If you decide to cancel the policy during its lifetime, there may be a small administration fee and generally you are entitled to a refund for the remainder for premiums paid annually.

 

The tough decision

If you have successfully read through this article then you will now have a better idea of what to look out for and, once again, it makes sense to read the PDS rather than making assumptions and being disappointed.

Bryan Moss of RiderCover summarises the value of insurance, “We never start a ride thinking we’re going to come off, but when we do it pays to make sure the bike and the rider are protected.”

 

 

Disclaimer:
Bicycles Network Australia does not recommend or endorse any of the companies, organisations, or insurance policies mentioned in this article. The information provided does not constitute financial or legal advice. The information in this article has been reviewed by the insurance companies who participated and is accurate at the time of publishing, however is subject to change. For complete disclosure, some of the insurers advertise on bicycles.net.au
Edited 19.06.2014 – addition of 3rd party liability cover that may be included in an an exisiting Home and Contents Insurance cover.



Christopher Jones
About The Author

Christopher Jones is a recreational cyclist and runs a professional design business, Signale. As the driving force behind Bicycles.net.au he has one of each 'types' of bicycles.

6 Responses to “Insurance and Cycling – a Comprehensive Overview”

  1. matt king says:

    Nice article to have, but so many words! I really wish you had done a table/chart format.

    As a commuter and family/social rider who doesn’t race, all I want is insurance just like I have for my car: theft, accident damage, coverage whilst in use, third party property liability, and that’s it. Maybe a taxi home if it is unrideable. If I get hit by a car (or hit a car…) then the two insurance companies sort it out between them, just like a car-car collision.

    I don’t want it bundled with H&C insurance, health insurance, or anything else. And at a reasonable cost, with a reasonable excess. (eg if I have a $1500 bike, I don’t want the excess to be 50+% of that, and the premium to be just as much…)

    Why does that seem so hard to provide? (Or did I miss that option?)

  2. Thanks for the feedback. The idea of a chart seems to be appropriate however it is rarely a ‘like’ for ‘like’ comparison – in the case of cover for theft protection, while many policies have cover, some connected with home and contents will only cover for theft while it is within eyesight of the property, while others have cover while out and about but also with restrictions such as the type of lock, and others stll have no locking requirements.

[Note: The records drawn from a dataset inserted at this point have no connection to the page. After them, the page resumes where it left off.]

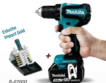
Estuche Impact Gold + B-62000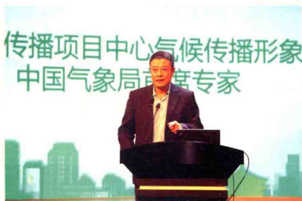
项目中心气候传播形象大使、中国气象局首席专家宋英杰作大会发言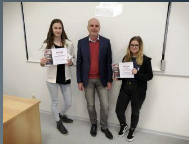
3. místo v soutěži MD DAL r. 2020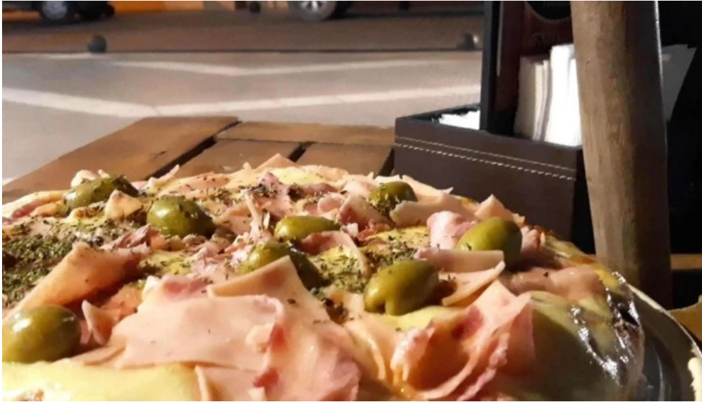
Delicias del pueblo ubicacion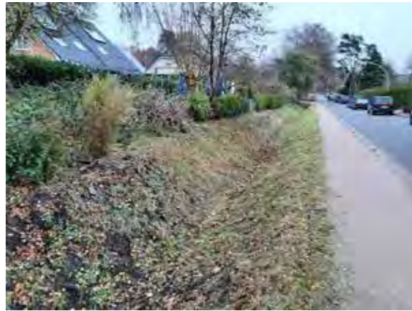
57 Sprützwiese, Baumreihe entlang Graben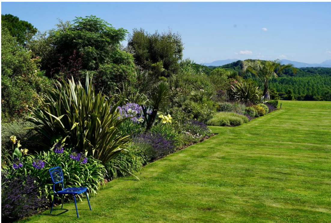
Saubrigues – Le Jardin des Barthes

Les horaires et tarifs signalés dans ce programme sont donnés suivant les informations transmises par les propriétaires ou gestionnaires des jardins au 22 mai 2023.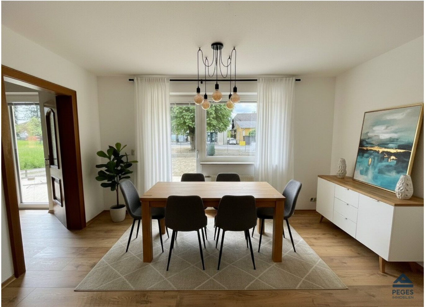
Essbereich mit Küche

Objektnummer: 7230/682 Eine Immobilie von Peges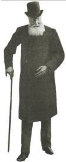
El rey Leopoldo II de Bélgica, cuya política sobre el Congo fue duramente criticada por Conan Doyle.

continente. Le interesaba particularmente la evolución de los diferentes países y las sanguinarias guerras tribales que asolaban muchas de las etnias africanas. Los europeos que tenían intereses en África consideraban que no sólo tenían el derecho, sino también el deber de colonizar sin ningún miramiento aquellas tierras. Sólo estaba bien aquello que favorecía a sus intereses, y para nada contaban los deseos ni los intereses de las diferentes etnias que poblaban el continente. El hombre blanco ejercía con deleite la labor de depredador. El rey Leopoldo II de Bélgica estaba empeñado en fundar un imperio en el Congo desde mediados de la década de 1880, y los belgas llevaban a cabo su tarea enfrentándose con sus rivales portugueses y franceses. Tras muchas discusiones y acuerdos, se creó un estado que no pertenecía a Bélgica, pero cuyo jefe de estado era el rey de Bélgica. Los habitantes del Congo no rendían pleitesía a Bélgica como nación, pero sí a su rey, que era monarca del Congo. Leopoldo II se había adueñado de un país que poseía dos productos que interesaban sobremanera a Bruselas: el caucho y el marfil.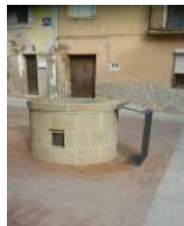
Pozo Marqués de Vargas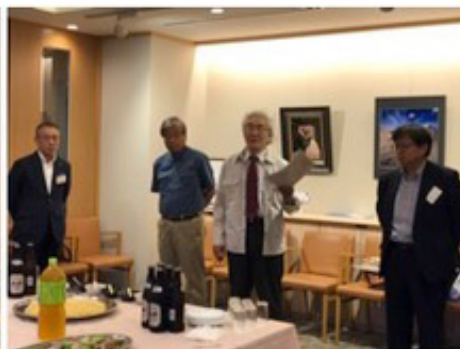
来賓:築理会大岩会長挨拶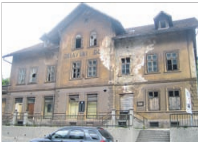
Delavski dom pri Jelenu - z rešenim vprašanjem lastništva naj bi se propadajočemu objektu vendarle začeli pisati boljši časi.

Občina Jesenice je priznala lastništvo Delavskega doma pri Jelenu Železarni Jesenice. To je bila ena od pomembnejših točk v nedavno sklenjenem dogovoru med Občino Jesenice, Slovensko industrijo jekla in Železarno Jesenice glede ureditve ne-rešenih premoženjskih za-

    Bicycle specific insurance is a relatively new market (compared with car insurance) and each company creates a policy they feel works best while being as generic as possible. There is definately a gap for the low end of the market where the excess and premiums are comparatively high compared with the bike value.

  3. trailgumby says:

    I agree a chart would be a good idea, with an ‘x’ to indicate inclusions, blank for not.

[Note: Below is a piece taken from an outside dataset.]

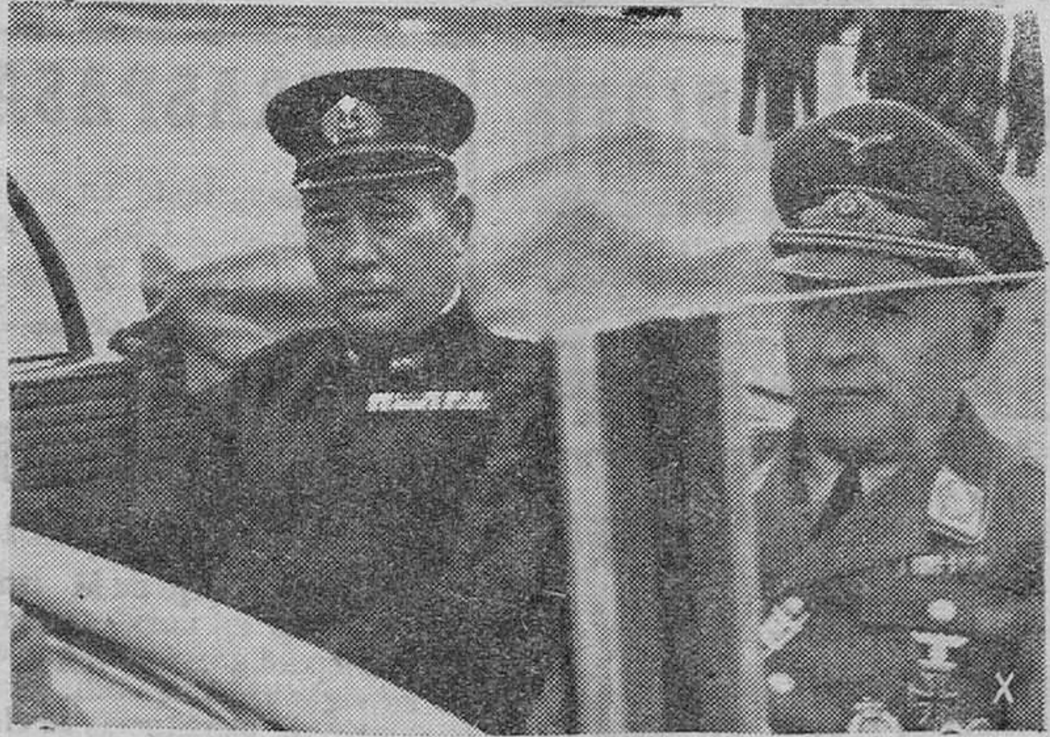
Oficiales japoneses han visitado un aeropuerto de campaña italo-alemán. Un general del arma aérea alemana acompaña a los altos huéspedes durante su visita

    Also, the article needs to address the issue of public liability cover available to insurance holders. For instance, my CommInsure home and contents cover appears to provide $20m PL cover outside of the home for any activity not related to motor vehicle use.

    In theory, this negates the need for insurance cover provided by the likes of BNSW, BV etc in the case of collisions where the cyclist is deemed at fault.

    Some discussion of the issues around this would be welcome.

  4. Jeff brown says:

    A good article, but could mislead people into buying insurance that they dont need. My household insurance already provides cover for my legal liability arising from cycling. This aspect needs further discussion. Perhaps the 6 largest domestic insurers in Australia could be examined in this regard.

    • Owen says:

      @jeff yes I agree – I’m more interested in what my existing Allianz contents insurance covers with regards to 3rd party.. Can self insure for any loss or damage to my commuter bike but more importantly what if I hit a car? Not very clear with this article..

  5. Good point on the legal liability, and worthwhile additional information regarding insurance already held.